30 July 2010

Summer Berries with Chilled Icewine Cream for My Cuisine du Terroir Challenge

Summer Berries (and Stone Fruit) with Chilled Icewine Cream

At last let's enjoy some dessert! If you have been following More Than Burnt Toast you will know that I have been creating personal challenges based on a theme to infuse new life into my own cooking adventures. I admit to being uninspired in my kitchen for many reasons...could it be the new job, the temptations of summer, the heat of summer? Whatever my reasoning every day food should be an adventure either with new ideas or experimenting with a new cuisine. Every day we should be excited about what we are eating even if it just means something as simple as making use of a wonderful find at our local farmers market. With these personally imposed challenges I am finding my culinary skills to be rejuvenated and back on track. This is the perfect time of year to pump up my kitchen into high gear!

As my third personal challenge I created a menu from appetizer to dessert that highlights British Columbian cuisine and ultimately Okanagan cuisine. This recipe comes from a local winery. My Cuisine du Terroir Challenge reflects what our local producers have to offer in peak growing season. The most direct translation of the concept of terrior is “food of the earth”. Terroir is a French term used to describe the unique flavour imparted to food or drink by a region’s specific climate, soil, weather and growing conditions.

I chose “Cuisine du Terroir” as the concept for my latest challenge because to me it means food with a strong sense of place. It has been 15 years since we moved across the country from the province of Ontario to live here in the Okanagan Valley in what they refer to as "God's Country. I can't envision anywhere else as my home and have the cascading vineyards and orchards, turquoise lakes and majestic mountains running through my veins.

To start this challenge off I offered my own version of Lamb Sliders with Lemon-Mint Sauce for my Cuisine du Terroir menu. Next came the salad course with Roasted Butternut Squash Salad with Warm Cider Vinaigrette. We highlighted the vivid red Sockeye salmon of British Columbia with Salmon in Vine Leaves with Wine Jus. What followed next was a simple presentation of Smashed Fingerling Potatoes with Olive Oil and Sea Salt. The "piece de resistance" and final temptation is dessert!!!!

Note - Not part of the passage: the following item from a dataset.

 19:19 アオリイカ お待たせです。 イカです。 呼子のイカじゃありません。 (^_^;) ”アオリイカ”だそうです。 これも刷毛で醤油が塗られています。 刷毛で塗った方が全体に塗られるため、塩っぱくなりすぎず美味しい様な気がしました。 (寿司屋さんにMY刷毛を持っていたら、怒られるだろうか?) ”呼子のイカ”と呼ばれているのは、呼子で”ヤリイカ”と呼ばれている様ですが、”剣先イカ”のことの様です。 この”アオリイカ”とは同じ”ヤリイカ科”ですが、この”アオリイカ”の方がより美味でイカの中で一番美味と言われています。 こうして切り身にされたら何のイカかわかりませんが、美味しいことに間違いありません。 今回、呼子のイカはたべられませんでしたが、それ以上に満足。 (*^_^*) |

This recipe was developed for Inniskillin Winery using their Riesling icewine. This intense, gorgeous nectar is made by leaving grapes on the vine through a frost, after which they are promptly picked and pressed. Water, in the form of ice granules, stays in the press and what goes into the fermenter is the sweet essence of grape. Among the dozens of types of dessert wines in the world, my absolute favourite is ice wine. The world's leading producer of ice wine is Canada, followed by Germany and then Austria. Because of the concentrated taste, ice wine is one of the most elegant and refined dessert wines. I often fill a Bernard Callebaut chocolate cup with ice wine which makes dessert as simple and delicious as it gets.

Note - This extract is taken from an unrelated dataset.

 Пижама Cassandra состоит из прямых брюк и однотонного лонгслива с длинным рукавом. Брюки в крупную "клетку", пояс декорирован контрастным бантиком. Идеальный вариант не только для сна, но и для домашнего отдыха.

This time I went a step further to showcase our local fruits and berries by recreating an icewine infused dessert from Inniskillen winery chefs. For extra icewine flavour, I soaked the berries in additional icewine. Because the wine is so intense, a typical serving is just one ounce. Imagine a rich kaleidoscope of flavours, warm orange marmalade undercurrents with lime, orange peel, nectarine and intense dried apricot and honey flavours in every spoonful. Many of our local Okanagan wineries make their own signature variety of icewine including Rollingdale Winery. Optimal weather conditions can never be assured, so true ice wine is a real treat.  Enjoy this dessert which incorporates all that British Columbia has to offer.

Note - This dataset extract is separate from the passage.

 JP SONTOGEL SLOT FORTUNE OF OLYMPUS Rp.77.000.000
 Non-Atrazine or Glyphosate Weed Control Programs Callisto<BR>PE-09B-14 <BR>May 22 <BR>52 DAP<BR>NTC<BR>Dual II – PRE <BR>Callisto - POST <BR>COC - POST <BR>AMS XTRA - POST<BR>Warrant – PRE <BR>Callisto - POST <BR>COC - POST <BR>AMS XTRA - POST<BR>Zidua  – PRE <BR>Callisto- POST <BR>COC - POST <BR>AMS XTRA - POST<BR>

**Summer Berries (and Stone Fruit) with Chilled Icewine Cream**
"Typically rich and unctuous, the buttery, baked nectarine, pear, orange and mineral flavours of the icewine can easily stand up to the cream and berries.".

3 egg yolks
½ cup sugar
1/3 cup icewine
½ cup whipping cream
3 cups mixed berries (strawberries, raspberries, blueberries, etc.)
Fresh mint or lavender for garnish

In a small saucepan over low heat, whisk together egg yolks, sugar and icewine until thickened. Remove from the heat and continue to whisk until it starts to cool. Chill the mixture in the refrigerator for 1 hour.

In a separate bowl, whip the cream until soft peaks form. Fold the cream into the icewine mixture and chill for at least 30 minutes.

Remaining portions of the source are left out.